**ASSIGNED TASK:** Look through the lines below, find those with the word "Vaud", and copy them.

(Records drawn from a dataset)
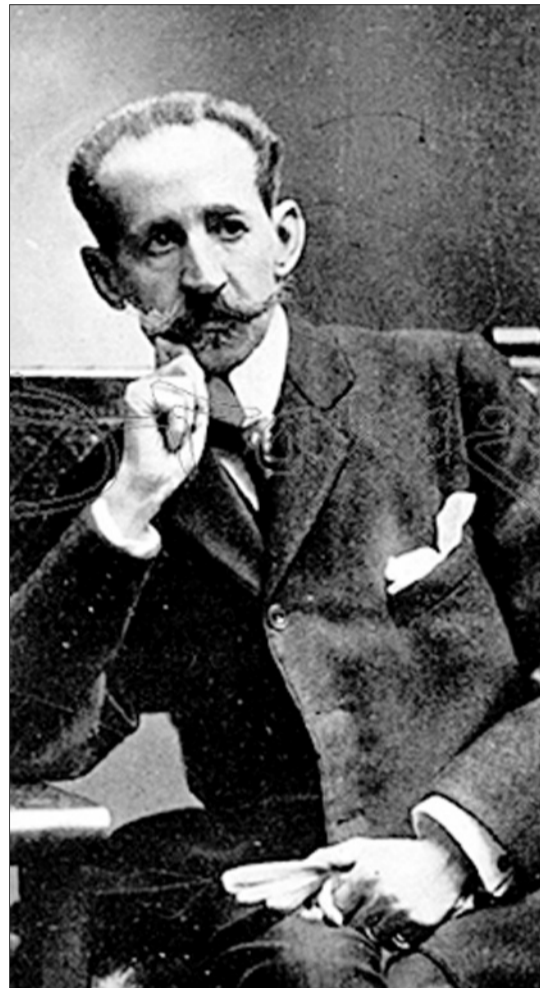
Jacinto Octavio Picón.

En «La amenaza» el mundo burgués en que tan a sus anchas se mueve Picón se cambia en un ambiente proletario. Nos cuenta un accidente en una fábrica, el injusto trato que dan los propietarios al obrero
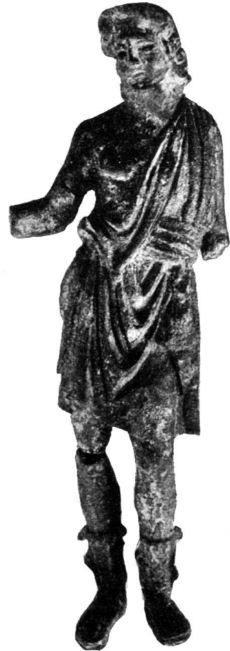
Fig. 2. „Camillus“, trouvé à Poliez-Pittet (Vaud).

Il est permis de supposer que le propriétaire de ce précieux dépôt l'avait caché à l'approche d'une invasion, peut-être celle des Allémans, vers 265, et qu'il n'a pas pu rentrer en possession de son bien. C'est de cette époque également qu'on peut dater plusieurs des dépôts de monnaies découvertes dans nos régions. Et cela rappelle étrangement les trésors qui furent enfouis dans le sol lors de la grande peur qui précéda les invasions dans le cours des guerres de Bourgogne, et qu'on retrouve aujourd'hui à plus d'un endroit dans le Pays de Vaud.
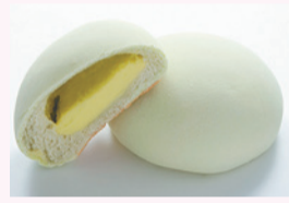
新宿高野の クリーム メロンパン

**PROBLEM SOLUTION:**
Fig. 2. „Camillus“, trouvé à Poliez-Pittet (Vaud).
Il est permis de supposer que le propriétaire de ce précieux dépôt l'avait caché à l'approche d'une invasion, peut-être celle des Allémans, vers 265, et qu'il n'a pas pu rentrer en possession de son bien. C'est de cette époque également qu'on peut dater plusieurs des dépôts de monnaies découvertes dans nos régions. Et cela rappelle étrangement les trésors qui furent enfouis dans le sol lors de la grande peur qui précéda les invasions dans le cours des guerres de Bourgogne, et qu'on retrouve aujourd'hui à plus d'un endroit dans le Pays de Vaud.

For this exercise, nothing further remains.